DATA TO PROCESS Start Marker

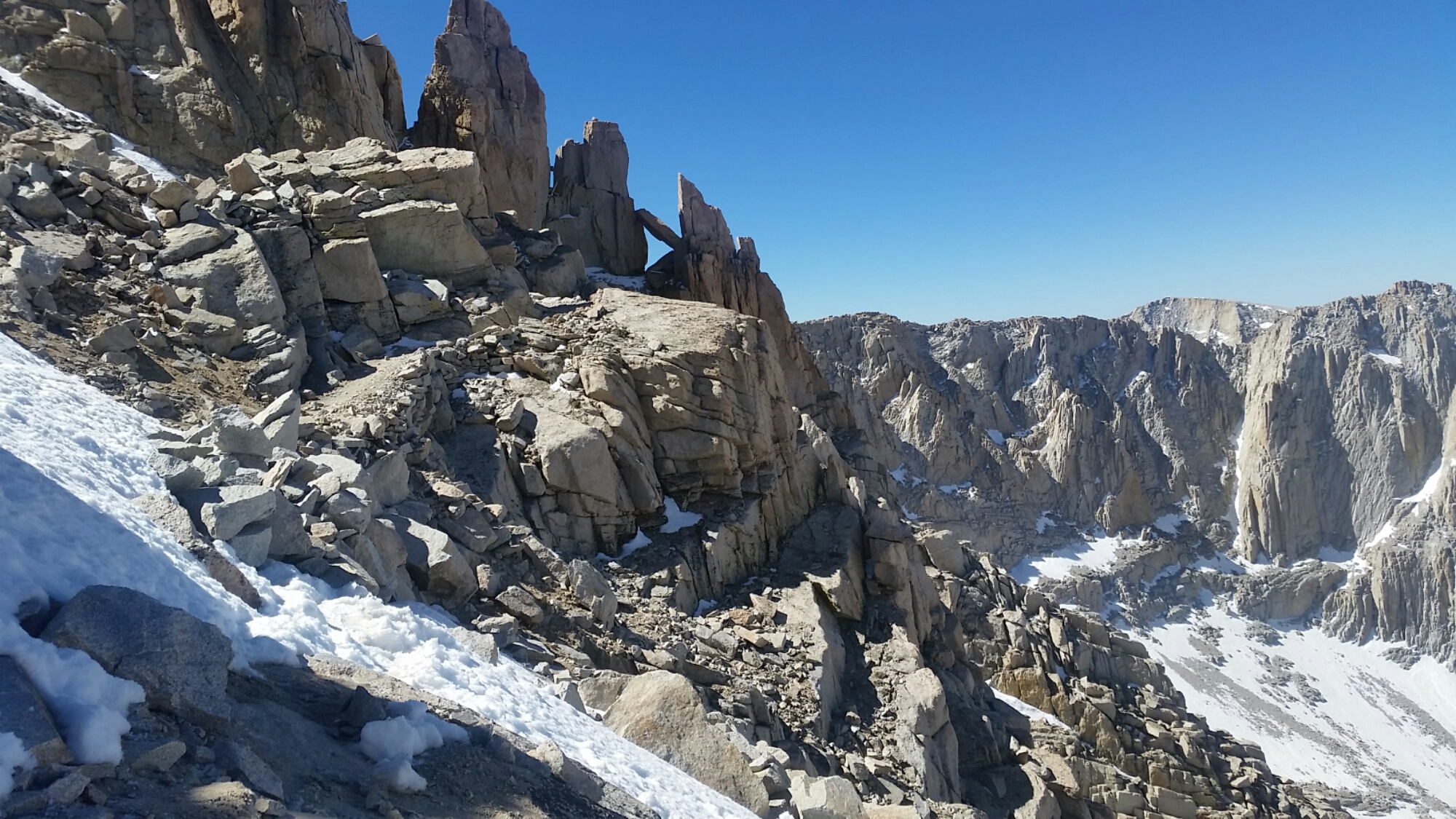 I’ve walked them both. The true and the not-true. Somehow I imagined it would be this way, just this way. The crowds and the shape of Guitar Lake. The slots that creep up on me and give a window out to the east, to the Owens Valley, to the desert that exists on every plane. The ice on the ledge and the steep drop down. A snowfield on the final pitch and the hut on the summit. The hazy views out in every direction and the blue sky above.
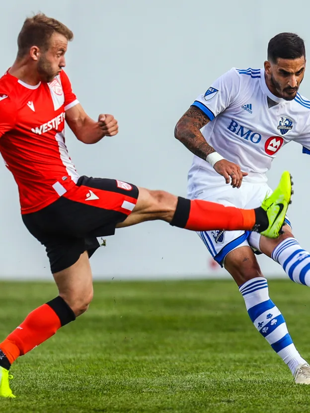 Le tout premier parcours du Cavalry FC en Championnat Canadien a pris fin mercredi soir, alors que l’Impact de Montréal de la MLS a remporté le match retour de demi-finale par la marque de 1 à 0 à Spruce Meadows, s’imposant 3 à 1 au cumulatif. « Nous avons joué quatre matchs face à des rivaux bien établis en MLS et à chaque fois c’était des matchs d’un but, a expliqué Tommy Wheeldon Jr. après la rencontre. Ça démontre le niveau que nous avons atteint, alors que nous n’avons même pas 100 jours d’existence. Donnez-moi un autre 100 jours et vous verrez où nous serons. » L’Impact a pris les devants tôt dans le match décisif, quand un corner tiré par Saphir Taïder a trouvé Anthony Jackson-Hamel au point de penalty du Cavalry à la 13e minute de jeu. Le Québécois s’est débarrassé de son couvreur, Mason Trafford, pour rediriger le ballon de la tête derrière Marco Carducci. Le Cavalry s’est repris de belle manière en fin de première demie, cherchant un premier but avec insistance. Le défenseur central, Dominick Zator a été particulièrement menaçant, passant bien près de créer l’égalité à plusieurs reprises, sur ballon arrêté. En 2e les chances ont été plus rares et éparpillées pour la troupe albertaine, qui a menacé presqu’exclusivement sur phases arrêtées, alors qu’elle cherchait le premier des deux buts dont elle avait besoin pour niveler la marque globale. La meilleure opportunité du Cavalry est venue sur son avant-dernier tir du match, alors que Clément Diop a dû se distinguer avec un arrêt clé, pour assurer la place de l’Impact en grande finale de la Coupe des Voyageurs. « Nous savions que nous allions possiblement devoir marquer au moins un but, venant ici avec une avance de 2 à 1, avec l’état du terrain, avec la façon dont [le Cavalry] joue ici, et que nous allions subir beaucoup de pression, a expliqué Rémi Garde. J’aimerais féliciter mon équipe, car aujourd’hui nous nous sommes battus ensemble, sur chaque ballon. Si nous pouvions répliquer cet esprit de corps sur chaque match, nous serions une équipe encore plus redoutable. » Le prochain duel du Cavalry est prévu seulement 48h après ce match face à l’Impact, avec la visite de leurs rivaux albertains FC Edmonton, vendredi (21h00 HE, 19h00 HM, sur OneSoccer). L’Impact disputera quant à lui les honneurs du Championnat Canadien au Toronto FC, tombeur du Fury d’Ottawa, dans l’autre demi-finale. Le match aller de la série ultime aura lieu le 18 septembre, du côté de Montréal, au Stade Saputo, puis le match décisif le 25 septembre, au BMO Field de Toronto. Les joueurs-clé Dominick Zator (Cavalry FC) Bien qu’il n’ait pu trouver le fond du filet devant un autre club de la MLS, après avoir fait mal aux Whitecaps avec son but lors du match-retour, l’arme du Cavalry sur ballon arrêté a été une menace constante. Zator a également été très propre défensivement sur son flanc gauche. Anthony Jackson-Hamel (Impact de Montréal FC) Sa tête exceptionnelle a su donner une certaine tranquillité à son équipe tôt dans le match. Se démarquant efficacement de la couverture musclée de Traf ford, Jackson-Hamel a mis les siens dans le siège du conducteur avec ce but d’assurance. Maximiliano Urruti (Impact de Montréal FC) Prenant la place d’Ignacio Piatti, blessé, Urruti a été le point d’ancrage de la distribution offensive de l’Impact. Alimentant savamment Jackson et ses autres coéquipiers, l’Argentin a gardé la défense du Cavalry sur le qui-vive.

DATA TO PROCESS End Marker
DATA TO PROCESS Start Marker

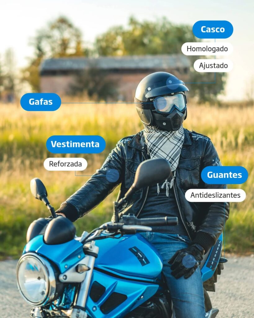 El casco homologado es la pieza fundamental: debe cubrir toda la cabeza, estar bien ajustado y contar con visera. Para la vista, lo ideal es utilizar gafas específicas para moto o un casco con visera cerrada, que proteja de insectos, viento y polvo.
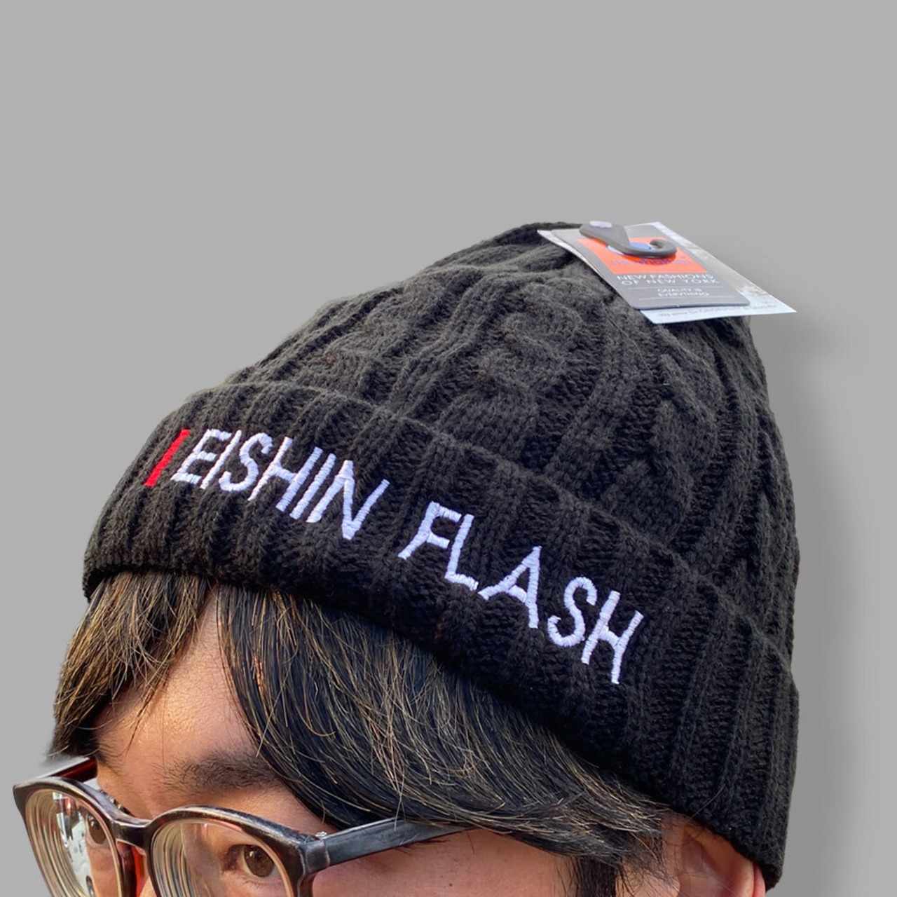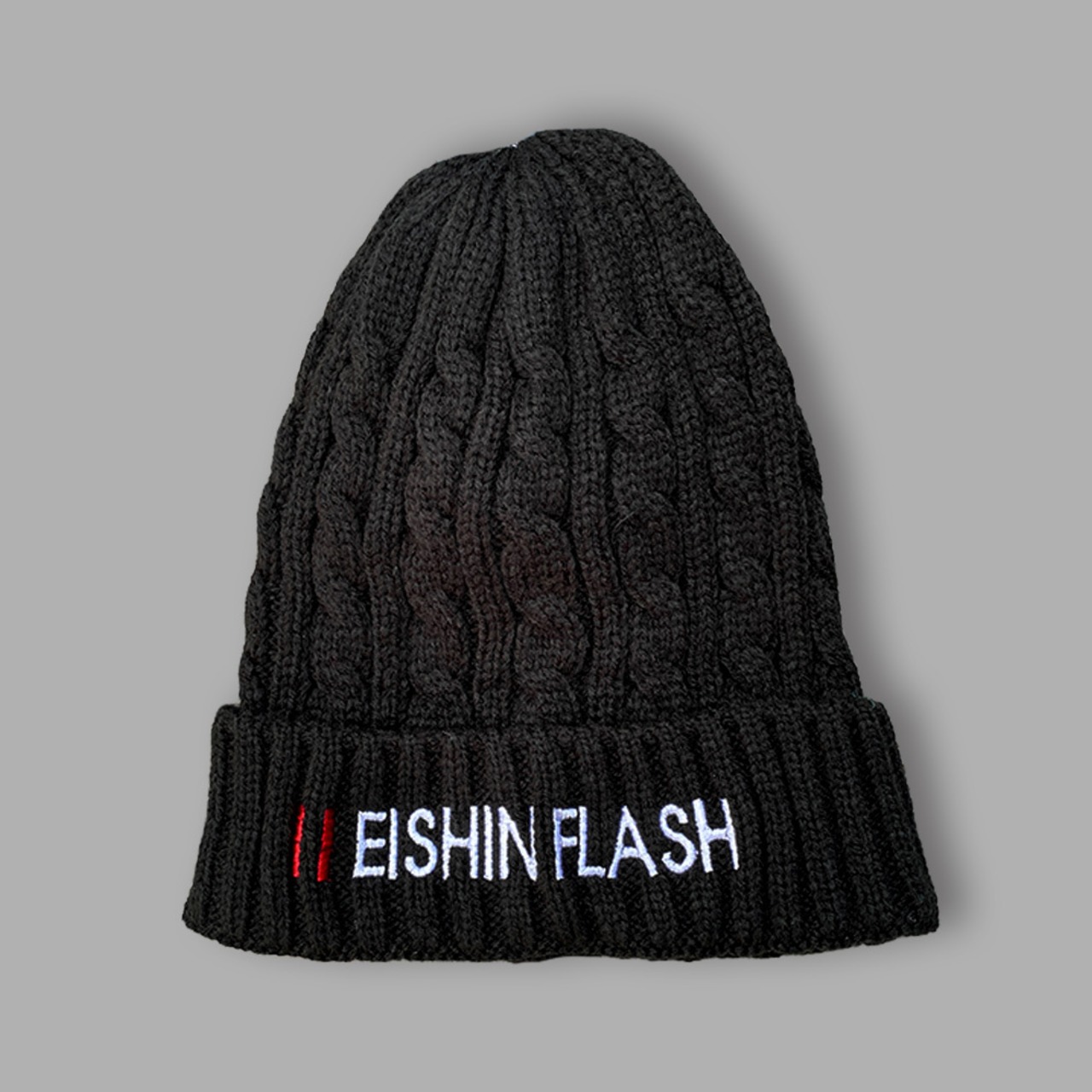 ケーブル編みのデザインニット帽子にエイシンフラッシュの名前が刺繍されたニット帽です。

DATA TO PROCESS End Marker

* **WHAT NEEDS TO BE DONE**
Write out again exactly the lines above from the one with "El casco homologado" through the one with "ケーブル編みのデザインニット", adding no other lines and no pictures.

* **RESPONSE TO THIS EXERCISE**
 El casco homologado es la pieza fundamental: debe cubrir toda la cabeza, estar bien ajustado y contar con visera. Para la vista, lo ideal es utilizar gafas específicas para moto o un casco con visera cerrada, que proteja de insectos, viento y polvo.
 ケーブル編みのデザインニット帽子にエイシンフラッシュの名前が刺繍されたニット帽です。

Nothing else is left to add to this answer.